- The task
After locating the line with "2024年11月6日,一面印" in the entries below, output it and each following line up to and including the line with "それを裏づけるように、登山道", exactly and without pictures.

- Given records
----------
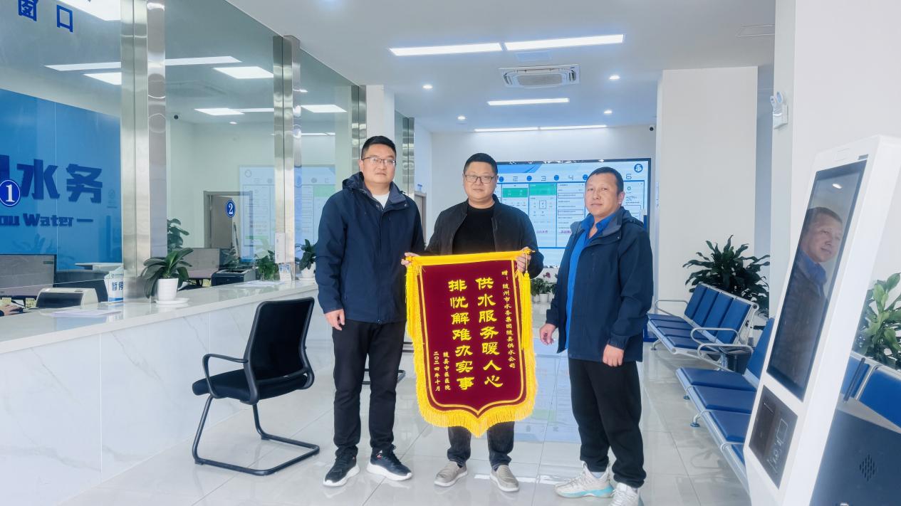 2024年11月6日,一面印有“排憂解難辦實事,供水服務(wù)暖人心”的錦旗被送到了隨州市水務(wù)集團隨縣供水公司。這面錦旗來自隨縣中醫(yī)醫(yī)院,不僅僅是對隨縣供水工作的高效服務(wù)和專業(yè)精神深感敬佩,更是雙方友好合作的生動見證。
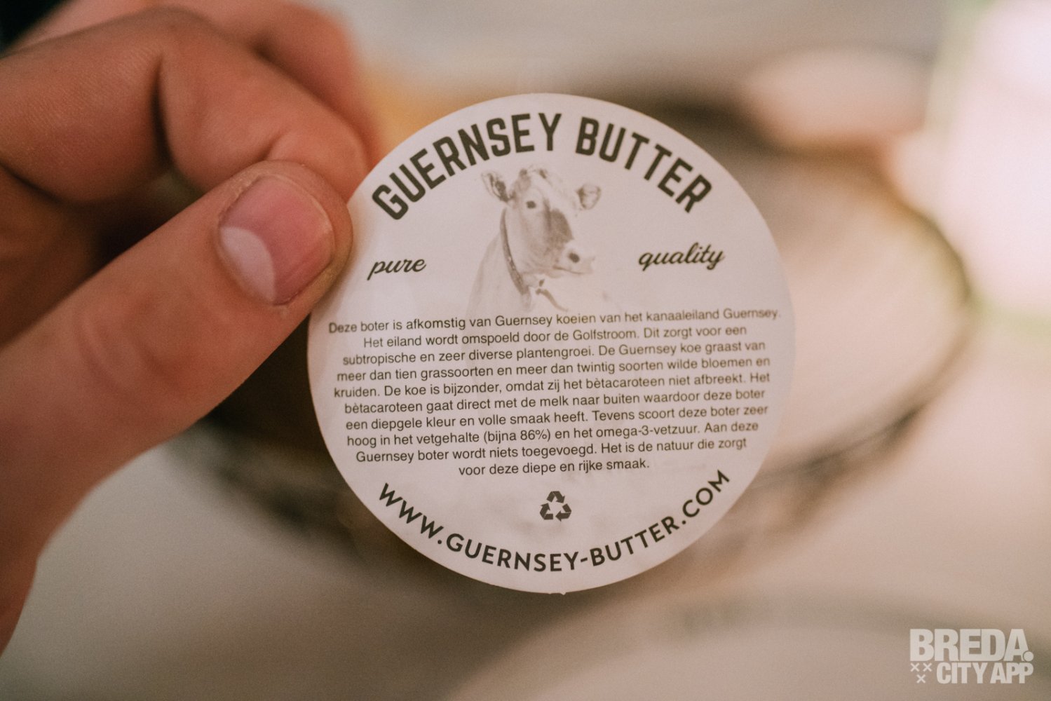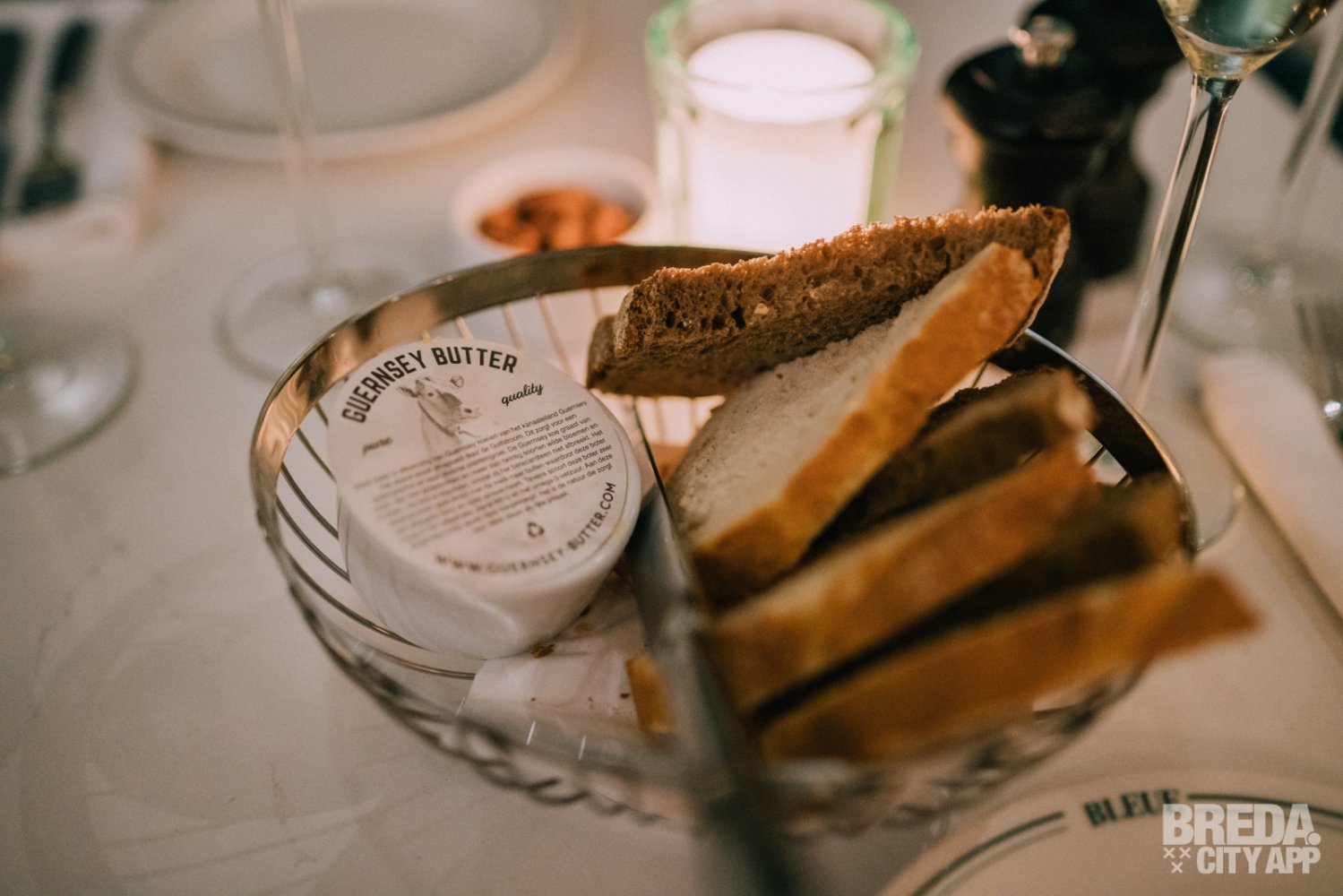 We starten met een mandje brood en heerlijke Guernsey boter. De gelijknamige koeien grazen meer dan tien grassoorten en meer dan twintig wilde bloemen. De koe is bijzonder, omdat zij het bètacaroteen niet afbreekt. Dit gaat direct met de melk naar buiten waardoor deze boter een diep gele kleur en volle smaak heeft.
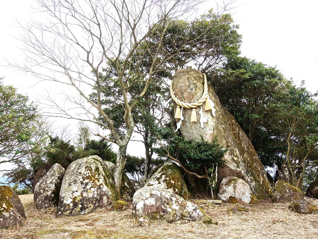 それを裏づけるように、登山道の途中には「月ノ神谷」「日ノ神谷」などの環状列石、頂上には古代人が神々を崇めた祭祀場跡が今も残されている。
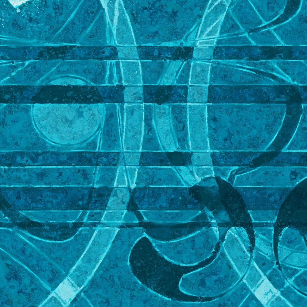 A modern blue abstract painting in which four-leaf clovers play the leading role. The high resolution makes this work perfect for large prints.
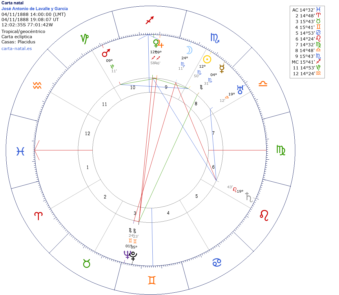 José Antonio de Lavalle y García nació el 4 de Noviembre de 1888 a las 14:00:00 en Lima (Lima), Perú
----------
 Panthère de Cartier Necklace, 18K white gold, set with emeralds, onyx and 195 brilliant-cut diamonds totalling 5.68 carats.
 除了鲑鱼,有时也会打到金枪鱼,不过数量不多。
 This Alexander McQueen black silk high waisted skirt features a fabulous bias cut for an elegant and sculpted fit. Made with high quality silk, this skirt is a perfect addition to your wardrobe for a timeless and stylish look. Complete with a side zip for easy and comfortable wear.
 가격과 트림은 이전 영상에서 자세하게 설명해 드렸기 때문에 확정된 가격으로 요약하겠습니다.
----------
- Answer box
 2024年11月6日,一面印有“排憂解難辦實事,供水服務(wù)暖人心”的錦旗被送到了隨州市水務(wù)集團隨縣供水公司。這面錦旗來自隨縣中醫(yī)醫(yī)院,不僅僅是對隨縣供水工作的高效服務(wù)和專業(yè)精神深感敬佩,更是雙方友好合作的生動見證。
 We starten met een mandje brood en heerlijke Guernsey boter. De gelijknamige koeien grazen meer dan tien grassoorten en meer dan twintig wilde bloemen. De koe is bijzonder, omdat zij het bètacaroteen niet afbreekt. Dit gaat direct met de melk naar buiten waardoor deze boter een diep gele kleur en volle smaak heeft.
 それを裏づけるように、登山道の途中には「月ノ神谷」「日ノ神谷」などの環状列石、頂上には古代人が神々を崇めた祭祀場跡が今も残されている。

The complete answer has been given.